▶ _INSTRUCTIONS FOR THE TASK_
In your copy, repeat the records exactly and leave out the pictures.

▶ _SUPPLIED MATERIAL_
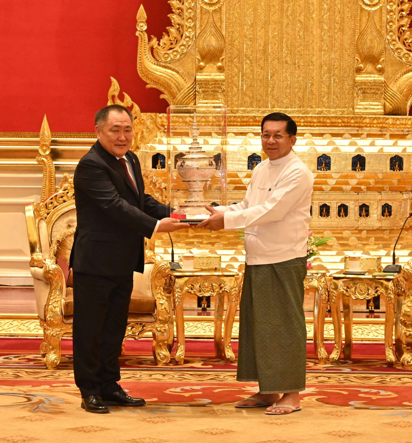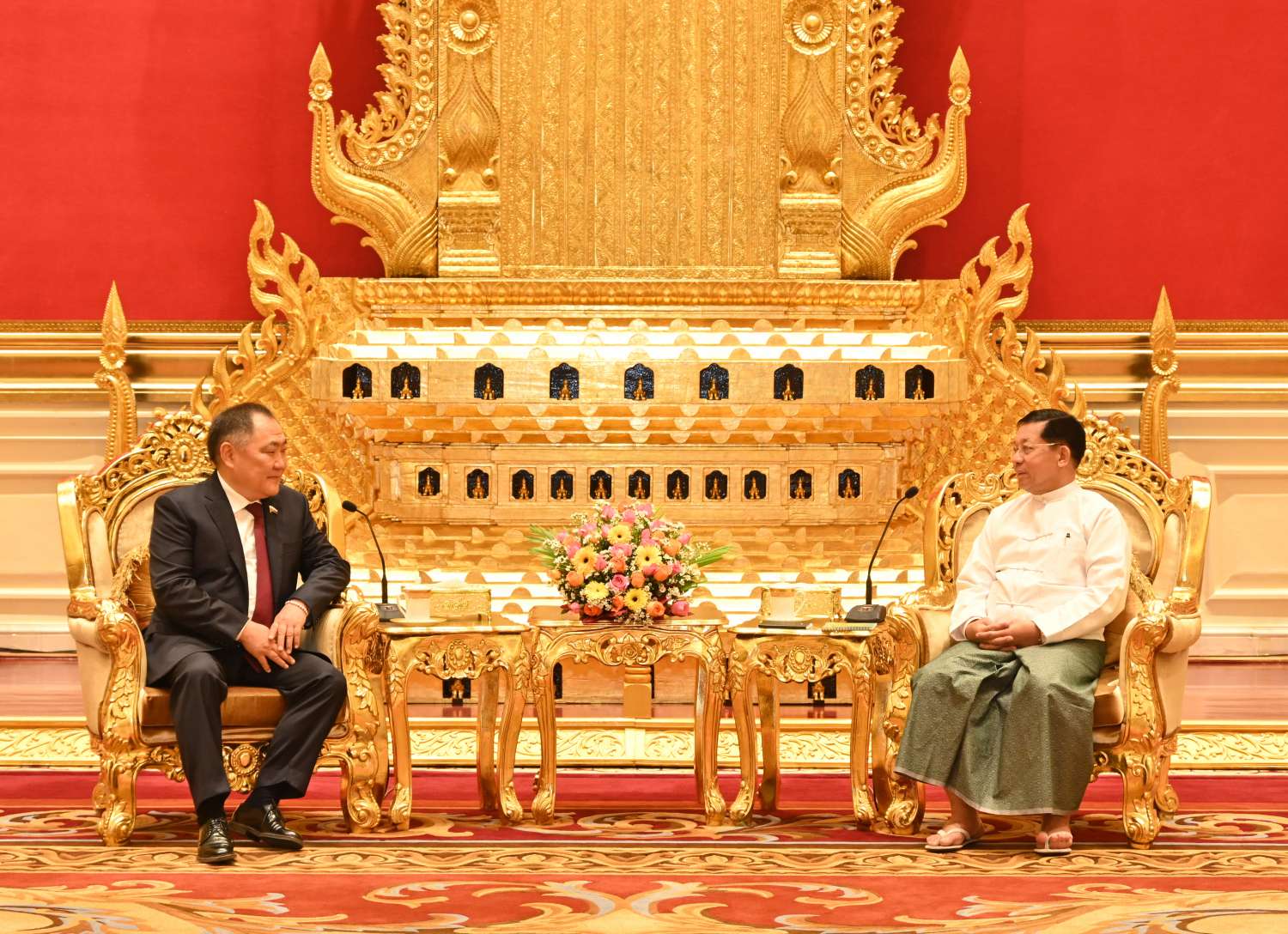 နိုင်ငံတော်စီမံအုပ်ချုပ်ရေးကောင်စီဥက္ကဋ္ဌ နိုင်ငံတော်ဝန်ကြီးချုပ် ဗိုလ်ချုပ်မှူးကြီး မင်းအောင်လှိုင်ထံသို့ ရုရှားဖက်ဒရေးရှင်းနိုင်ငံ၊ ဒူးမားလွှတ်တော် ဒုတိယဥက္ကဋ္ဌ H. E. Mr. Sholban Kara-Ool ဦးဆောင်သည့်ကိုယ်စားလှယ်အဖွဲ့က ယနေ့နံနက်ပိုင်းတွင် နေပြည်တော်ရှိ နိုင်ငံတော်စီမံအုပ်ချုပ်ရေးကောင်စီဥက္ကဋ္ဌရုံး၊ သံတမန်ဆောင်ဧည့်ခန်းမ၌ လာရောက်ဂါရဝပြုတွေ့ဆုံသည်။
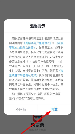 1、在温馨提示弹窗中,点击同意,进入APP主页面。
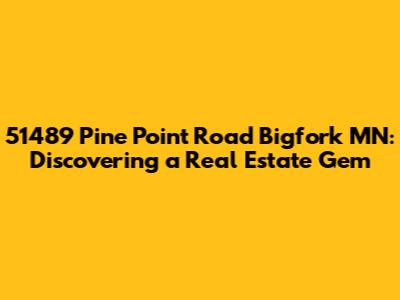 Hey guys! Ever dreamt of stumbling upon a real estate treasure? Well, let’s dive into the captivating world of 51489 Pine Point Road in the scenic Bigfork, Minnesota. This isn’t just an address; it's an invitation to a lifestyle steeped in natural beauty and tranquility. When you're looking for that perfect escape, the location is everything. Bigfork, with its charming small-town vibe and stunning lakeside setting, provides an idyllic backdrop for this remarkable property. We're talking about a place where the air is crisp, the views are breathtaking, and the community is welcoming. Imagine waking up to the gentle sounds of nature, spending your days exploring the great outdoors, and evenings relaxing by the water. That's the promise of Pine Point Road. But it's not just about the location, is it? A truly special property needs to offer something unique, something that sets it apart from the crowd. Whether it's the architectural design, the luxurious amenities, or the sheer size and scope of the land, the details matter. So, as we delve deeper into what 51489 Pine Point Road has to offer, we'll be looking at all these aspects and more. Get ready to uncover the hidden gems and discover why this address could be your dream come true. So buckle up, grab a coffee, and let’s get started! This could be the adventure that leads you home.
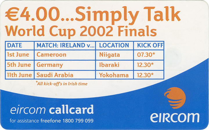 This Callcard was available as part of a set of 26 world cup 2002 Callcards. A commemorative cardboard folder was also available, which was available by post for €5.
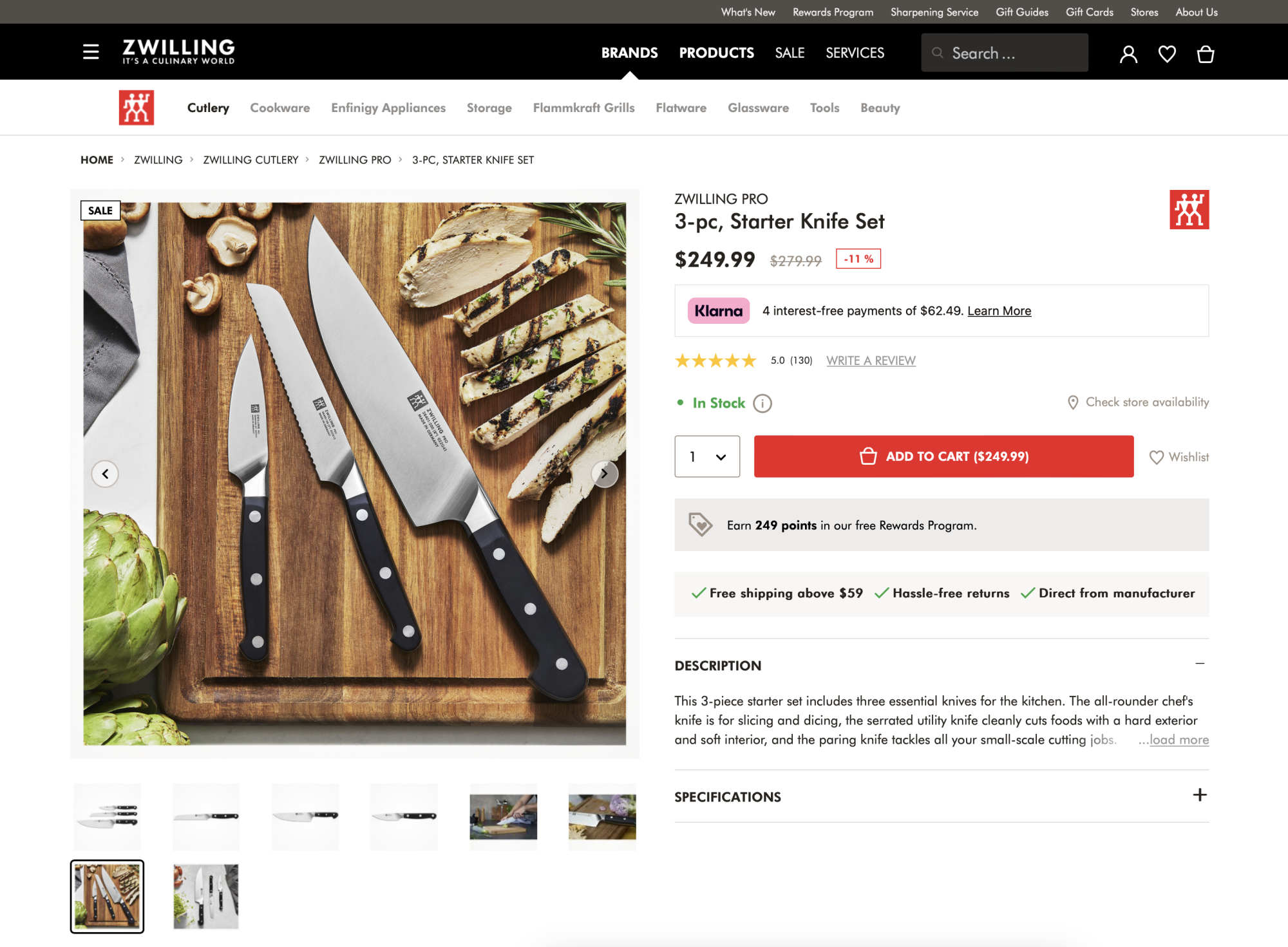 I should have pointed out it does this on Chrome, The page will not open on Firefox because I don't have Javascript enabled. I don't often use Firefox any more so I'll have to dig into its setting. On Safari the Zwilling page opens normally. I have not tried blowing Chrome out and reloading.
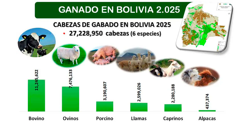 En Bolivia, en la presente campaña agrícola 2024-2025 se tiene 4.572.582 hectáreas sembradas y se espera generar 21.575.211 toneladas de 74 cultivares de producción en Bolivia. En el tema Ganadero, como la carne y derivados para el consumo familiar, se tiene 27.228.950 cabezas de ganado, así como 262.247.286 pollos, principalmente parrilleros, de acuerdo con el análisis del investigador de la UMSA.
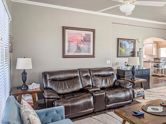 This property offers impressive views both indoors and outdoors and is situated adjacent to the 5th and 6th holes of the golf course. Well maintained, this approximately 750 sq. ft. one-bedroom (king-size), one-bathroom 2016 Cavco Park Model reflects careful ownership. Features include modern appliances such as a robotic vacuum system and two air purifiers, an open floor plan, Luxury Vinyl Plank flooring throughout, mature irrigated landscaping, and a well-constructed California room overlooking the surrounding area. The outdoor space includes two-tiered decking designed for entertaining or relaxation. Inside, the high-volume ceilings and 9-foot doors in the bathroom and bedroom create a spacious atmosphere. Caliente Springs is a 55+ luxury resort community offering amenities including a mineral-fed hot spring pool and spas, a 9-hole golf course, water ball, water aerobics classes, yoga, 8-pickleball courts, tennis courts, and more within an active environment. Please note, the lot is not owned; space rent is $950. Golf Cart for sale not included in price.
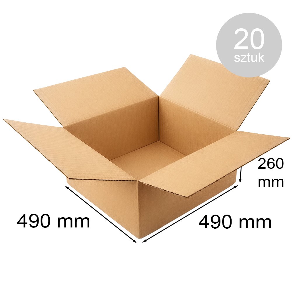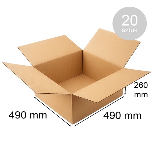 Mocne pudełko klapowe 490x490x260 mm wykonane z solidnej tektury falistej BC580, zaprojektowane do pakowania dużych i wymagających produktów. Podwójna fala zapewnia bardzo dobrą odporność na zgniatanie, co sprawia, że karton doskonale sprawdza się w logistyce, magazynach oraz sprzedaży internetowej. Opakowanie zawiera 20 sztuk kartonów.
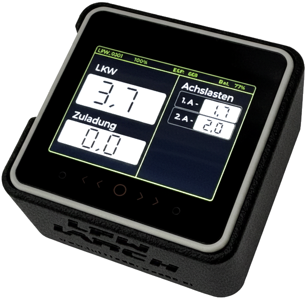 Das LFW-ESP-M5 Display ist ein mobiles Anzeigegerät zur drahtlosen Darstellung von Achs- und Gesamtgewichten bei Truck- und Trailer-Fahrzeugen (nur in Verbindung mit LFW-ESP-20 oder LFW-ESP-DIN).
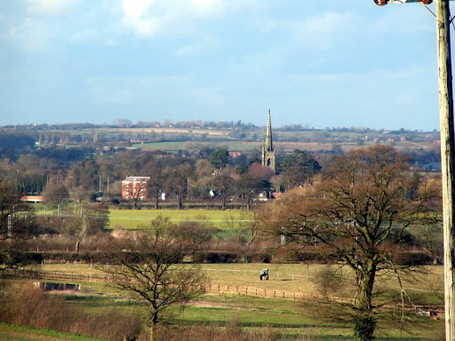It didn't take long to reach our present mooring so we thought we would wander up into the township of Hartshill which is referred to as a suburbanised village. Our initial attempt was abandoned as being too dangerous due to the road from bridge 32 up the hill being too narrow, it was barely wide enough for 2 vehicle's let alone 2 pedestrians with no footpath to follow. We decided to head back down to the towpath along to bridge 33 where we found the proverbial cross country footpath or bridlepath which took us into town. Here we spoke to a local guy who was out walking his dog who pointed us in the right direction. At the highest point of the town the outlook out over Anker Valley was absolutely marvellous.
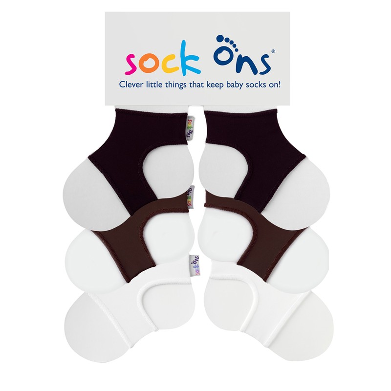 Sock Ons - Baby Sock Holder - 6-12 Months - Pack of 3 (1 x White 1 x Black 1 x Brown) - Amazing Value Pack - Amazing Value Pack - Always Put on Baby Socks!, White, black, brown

▶ _EXERCISE RESPONSE_
 နိုင်ငံတော်စီမံအုပ်ချုပ်ရေးကောင်စီဥက္ကဋ္ဌ နိုင်ငံတော်ဝန်ကြီးချုပ် ဗိုလ်ချုပ်မှူးကြီး မင်းအောင်လှိုင်ထံသို့ ရုရှားဖက်ဒရေးရှင်းနိုင်ငံ၊ ဒူးမားလွှတ်တော် ဒုတိယဥက္ကဋ္ဌ H. E. Mr. Sholban Kara-Ool ဦးဆောင်သည့်ကိုယ်စားလှယ်အဖွဲ့က ယနေ့နံနက်ပိုင်းတွင် နေပြည်တော်ရှိ နိုင်ငံတော်စီမံအုပ်ချုပ်ရေးကောင်စီဥက္ကဋ္ဌရုံး၊ သံတမန်ဆောင်ဧည့်ခန်းမ၌ လာရောက်ဂါရဝပြုတွေ့ဆုံသည်။
 1、在温馨提示弹窗中,点击同意,进入APP主页面。
 Hey guys! Ever dreamt of stumbling upon a real estate treasure? Well, let’s dive into the captivating world of 51489 Pine Point Road in the scenic Bigfork, Minnesota. This isn’t just an address; it's an invitation to a lifestyle steeped in natural beauty and tranquility. When you're looking for that perfect escape, the location is everything. Bigfork, with its charming small-town vibe and stunning lakeside setting, provides an idyllic backdrop for this remarkable property. We're talking about a place where the air is crisp, the views are breathtaking, and the community is welcoming. Imagine waking up to the gentle sounds of nature, spending your days exploring the great outdoors, and evenings relaxing by the water. That's the promise of Pine Point Road. But it's not just about the location, is it? A truly special property needs to offer something unique, something that sets it apart from the crowd. Whether it's the architectural design, the luxurious amenities, or the sheer size and scope of the land, the details matter. So, as we delve deeper into what 51489 Pine Point Road has to offer, we'll be looking at all these aspects and more. Get ready to uncover the hidden gems and discover why this address could be your dream come true. So buckle up, grab a coffee, and let’s get started! This could be the adventure that leads you home.
 This Callcard was available as part of a set of 26 world cup 2002 Callcards. A commemorative cardboard folder was also available, which was available by post for €5.
 I should have pointed out it does this on Chrome, The page will not open on Firefox because I don't have Javascript enabled. I don't often use Firefox any more so I'll have to dig into its setting. On Safari the Zwilling page opens normally. I have not tried blowing Chrome out and reloading.
 En Bolivia, en la presente campaña agrícola 2024-2025 se tiene 4.572.582 hectáreas sembradas y se espera generar 21.575.211 toneladas de 74 cultivares de producción en Bolivia. En el tema Ganadero, como la carne y derivados para el consumo familiar, se tiene 27.228.950 cabezas de ganado, así como 262.247.286 pollos, principalmente parrilleros, de acuerdo con el análisis del investigador de la UMSA.
 This property offers impressive views both indoors and outdoors and is situated adjacent to the 5th and 6th holes of the golf course. Well maintained, this approximately 750 sq. ft. one-bedroom (king-size), one-bathroom 2016 Cavco Park Model reflects careful ownership. Features include modern appliances such as a robotic vacuum system and two air purifiers, an open floor plan, Luxury Vinyl Plank flooring throughout, mature irrigated landscaping, and a well-constructed California room overlooking the surrounding area. The outdoor space includes two-tiered decking designed for entertaining or relaxation. Inside, the high-volume ceilings and 9-foot doors in the bathroom and bedroom create a spacious atmosphere. Caliente Springs is a 55+ luxury resort community offering amenities including a mineral-fed hot spring pool and spas, a 9-hole golf course, water ball, water aerobics classes, yoga, 8-pickleball courts, tennis courts, and more within an active environment. Please note, the lot is not owned; space rent is $950. Golf Cart for sale not included in price.
 Mocne pudełko klapowe 490x490x260 mm wykonane z solidnej tektury falistej BC580, zaprojektowane do pakowania dużych i wymagających produktów. Podwójna fala zapewnia bardzo dobrą odporność na zgniatanie, co sprawia, że karton doskonale sprawdza się w logistyce, magazynach oraz sprzedaży internetowej. Opakowanie zawiera 20 sztuk kartonów.
 Das LFW-ESP-M5 Display ist ein mobiles Anzeigegerät zur drahtlosen Darstellung von Achs- und Gesamtgewichten bei Truck- und Trailer-Fahrzeugen (nur in Verbindung mit LFW-ESP-20 oder LFW-ESP-DIN).
It didn't take long to reach our present mooring so we thought we would wander up into the township of Hartshill which is referred to as a suburbanised village. Our initial attempt was abandoned as being too dangerous due to the road from bridge 32 up the hill being too narrow, it was barely wide enough for 2 vehicle's let alone 2 pedestrians with no footpath to follow. We decided to head back down to the towpath along to bridge 33 where we found the proverbial cross country footpath or bridlepath which took us into town. Here we spoke to a local guy who was out walking his dog who pointed us in the right direction. At the highest point of the town the outlook out over Anker Valley was absolutely marvellous.
 Sock Ons - Baby Sock Holder - 6-12 Months - Pack of 3 (1 x White 1 x Black 1 x Brown) - Amazing Value Pack - Amazing Value Pack - Always Put on Baby Socks!, White, black, brown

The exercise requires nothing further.